◆ **Work request**
Write again exactly the lines in the listing below, starting at the line with "Barbie cookie stencil pattern background." and ending at the line with "(النَّجْدُ: مَا أَشْرَفَ", both included. Pictures are not copied.

◆ **Records for processing**
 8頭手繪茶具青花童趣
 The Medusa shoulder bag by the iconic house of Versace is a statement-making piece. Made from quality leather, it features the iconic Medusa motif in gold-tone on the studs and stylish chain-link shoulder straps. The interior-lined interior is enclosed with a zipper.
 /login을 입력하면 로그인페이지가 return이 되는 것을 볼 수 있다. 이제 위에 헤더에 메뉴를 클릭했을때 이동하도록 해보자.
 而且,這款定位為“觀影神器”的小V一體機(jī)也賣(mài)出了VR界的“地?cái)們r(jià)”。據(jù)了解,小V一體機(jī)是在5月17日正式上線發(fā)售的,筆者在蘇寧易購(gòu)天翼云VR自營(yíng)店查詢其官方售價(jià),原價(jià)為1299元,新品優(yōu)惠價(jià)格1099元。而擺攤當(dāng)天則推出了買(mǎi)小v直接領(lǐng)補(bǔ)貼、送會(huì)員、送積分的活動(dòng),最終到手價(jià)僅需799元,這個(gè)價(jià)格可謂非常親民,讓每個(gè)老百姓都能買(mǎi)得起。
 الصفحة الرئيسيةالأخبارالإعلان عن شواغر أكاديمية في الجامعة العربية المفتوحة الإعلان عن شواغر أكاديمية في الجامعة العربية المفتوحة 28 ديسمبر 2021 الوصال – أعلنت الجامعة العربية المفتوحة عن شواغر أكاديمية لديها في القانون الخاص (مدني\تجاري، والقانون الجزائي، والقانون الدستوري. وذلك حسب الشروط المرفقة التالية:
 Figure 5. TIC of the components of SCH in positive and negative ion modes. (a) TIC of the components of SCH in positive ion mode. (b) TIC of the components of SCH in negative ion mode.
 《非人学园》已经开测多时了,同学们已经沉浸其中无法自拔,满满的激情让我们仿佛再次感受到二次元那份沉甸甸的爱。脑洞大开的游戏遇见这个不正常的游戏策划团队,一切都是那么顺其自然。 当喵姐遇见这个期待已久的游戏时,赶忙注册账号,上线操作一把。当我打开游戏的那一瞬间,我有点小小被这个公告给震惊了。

* * *

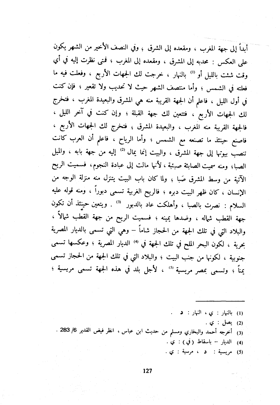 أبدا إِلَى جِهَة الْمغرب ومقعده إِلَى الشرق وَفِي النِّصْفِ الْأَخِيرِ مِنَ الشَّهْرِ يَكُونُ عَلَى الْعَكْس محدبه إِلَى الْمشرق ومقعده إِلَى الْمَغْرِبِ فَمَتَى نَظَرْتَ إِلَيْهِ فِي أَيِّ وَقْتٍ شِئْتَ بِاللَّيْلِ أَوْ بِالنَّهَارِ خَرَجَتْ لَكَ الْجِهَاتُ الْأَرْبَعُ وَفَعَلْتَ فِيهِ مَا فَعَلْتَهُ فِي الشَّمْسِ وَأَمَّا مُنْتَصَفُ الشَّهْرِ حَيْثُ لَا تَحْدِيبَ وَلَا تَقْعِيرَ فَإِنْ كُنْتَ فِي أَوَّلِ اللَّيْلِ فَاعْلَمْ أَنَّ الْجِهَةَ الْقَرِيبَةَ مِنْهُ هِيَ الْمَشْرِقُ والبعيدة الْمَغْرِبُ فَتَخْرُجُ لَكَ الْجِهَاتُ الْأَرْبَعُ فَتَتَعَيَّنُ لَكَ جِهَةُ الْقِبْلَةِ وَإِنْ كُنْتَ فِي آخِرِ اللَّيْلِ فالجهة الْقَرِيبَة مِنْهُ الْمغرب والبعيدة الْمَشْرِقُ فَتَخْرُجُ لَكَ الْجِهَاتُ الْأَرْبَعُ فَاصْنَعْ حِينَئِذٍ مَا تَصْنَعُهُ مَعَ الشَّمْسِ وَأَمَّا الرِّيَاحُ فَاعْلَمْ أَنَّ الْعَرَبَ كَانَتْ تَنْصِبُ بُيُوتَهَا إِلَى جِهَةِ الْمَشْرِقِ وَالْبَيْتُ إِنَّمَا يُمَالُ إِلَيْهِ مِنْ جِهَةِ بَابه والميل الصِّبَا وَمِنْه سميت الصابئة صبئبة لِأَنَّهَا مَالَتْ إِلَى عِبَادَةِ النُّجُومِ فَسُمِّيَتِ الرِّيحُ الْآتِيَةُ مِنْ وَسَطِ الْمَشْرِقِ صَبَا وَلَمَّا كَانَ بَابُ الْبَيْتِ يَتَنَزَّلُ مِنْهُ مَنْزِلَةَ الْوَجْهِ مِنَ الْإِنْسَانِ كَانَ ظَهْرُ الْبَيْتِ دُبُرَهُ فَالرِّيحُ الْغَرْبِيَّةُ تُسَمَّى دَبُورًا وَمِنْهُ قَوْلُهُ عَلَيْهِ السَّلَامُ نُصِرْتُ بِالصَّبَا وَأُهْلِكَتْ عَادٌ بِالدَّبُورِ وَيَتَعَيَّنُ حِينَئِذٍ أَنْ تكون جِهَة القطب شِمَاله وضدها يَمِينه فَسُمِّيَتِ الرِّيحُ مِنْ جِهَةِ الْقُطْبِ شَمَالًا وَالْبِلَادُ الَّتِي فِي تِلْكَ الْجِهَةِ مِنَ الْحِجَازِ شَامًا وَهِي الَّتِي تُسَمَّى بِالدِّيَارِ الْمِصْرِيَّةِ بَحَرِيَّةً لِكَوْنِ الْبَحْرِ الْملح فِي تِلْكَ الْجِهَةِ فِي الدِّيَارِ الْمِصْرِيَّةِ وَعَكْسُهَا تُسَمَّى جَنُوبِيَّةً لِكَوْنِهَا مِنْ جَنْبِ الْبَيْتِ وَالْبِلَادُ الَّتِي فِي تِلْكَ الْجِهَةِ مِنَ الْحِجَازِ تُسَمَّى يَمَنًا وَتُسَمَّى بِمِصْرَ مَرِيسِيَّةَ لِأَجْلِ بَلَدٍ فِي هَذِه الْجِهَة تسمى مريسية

--

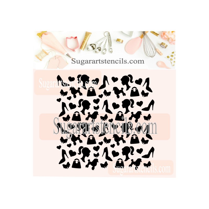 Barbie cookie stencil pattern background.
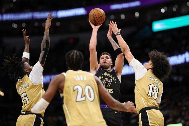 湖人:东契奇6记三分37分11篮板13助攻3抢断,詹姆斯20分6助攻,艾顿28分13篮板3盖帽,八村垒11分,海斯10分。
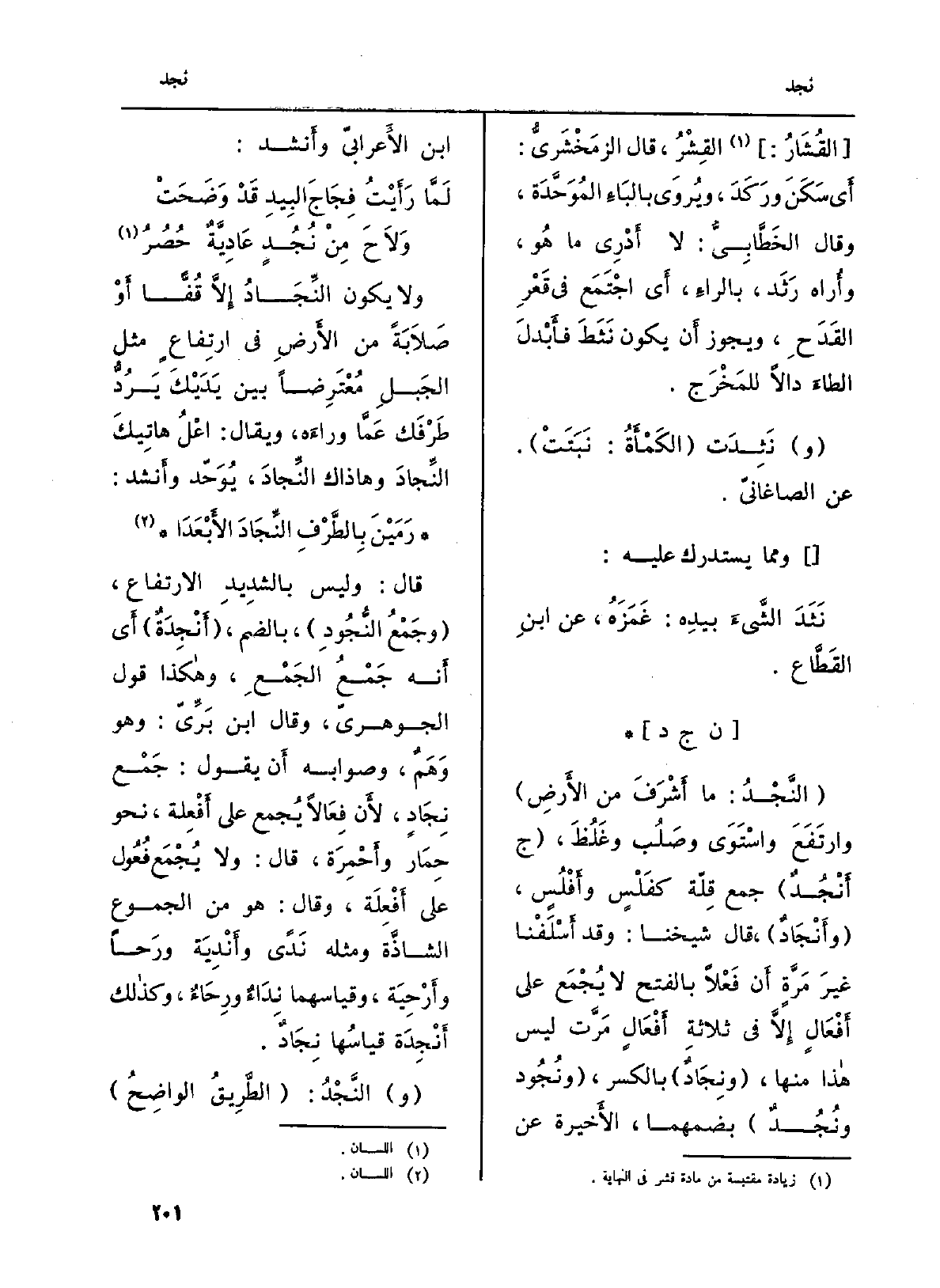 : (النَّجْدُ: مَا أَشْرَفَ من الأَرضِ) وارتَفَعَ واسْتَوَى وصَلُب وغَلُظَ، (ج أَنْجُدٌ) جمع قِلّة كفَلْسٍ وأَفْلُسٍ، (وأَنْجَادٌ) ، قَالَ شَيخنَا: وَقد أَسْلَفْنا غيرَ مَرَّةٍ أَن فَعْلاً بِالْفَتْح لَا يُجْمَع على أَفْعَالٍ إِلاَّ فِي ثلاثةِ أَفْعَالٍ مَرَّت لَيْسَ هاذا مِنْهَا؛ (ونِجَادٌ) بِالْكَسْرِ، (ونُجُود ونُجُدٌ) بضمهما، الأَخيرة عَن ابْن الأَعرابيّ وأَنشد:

◆ **Exercise result**
 Barbie cookie stencil pattern background.
 湖人:东契奇6记三分37分11篮板13助攻3抢断,詹姆斯20分6助攻,艾顿28分13篮板3盖帽,八村垒11分,海斯10分。
 : (النَّجْدُ: مَا أَشْرَفَ من الأَرضِ) وارتَفَعَ واسْتَوَى وصَلُب وغَلُظَ، (ج أَنْجُدٌ) جمع قِلّة كفَلْسٍ وأَفْلُسٍ، (وأَنْجَادٌ) ، قَالَ شَيخنَا: وَقد أَسْلَفْنا غيرَ مَرَّةٍ أَن فَعْلاً بِالْفَتْح لَا يُجْمَع على أَفْعَالٍ إِلاَّ فِي ثلاثةِ أَفْعَالٍ مَرَّت لَيْسَ هاذا مِنْهَا؛ (ونِجَادٌ) بِالْكَسْرِ، (ونُجُود ونُجُدٌ) بضمهما، الأَخيرة عَن ابْن الأَعرابيّ وأَنشد:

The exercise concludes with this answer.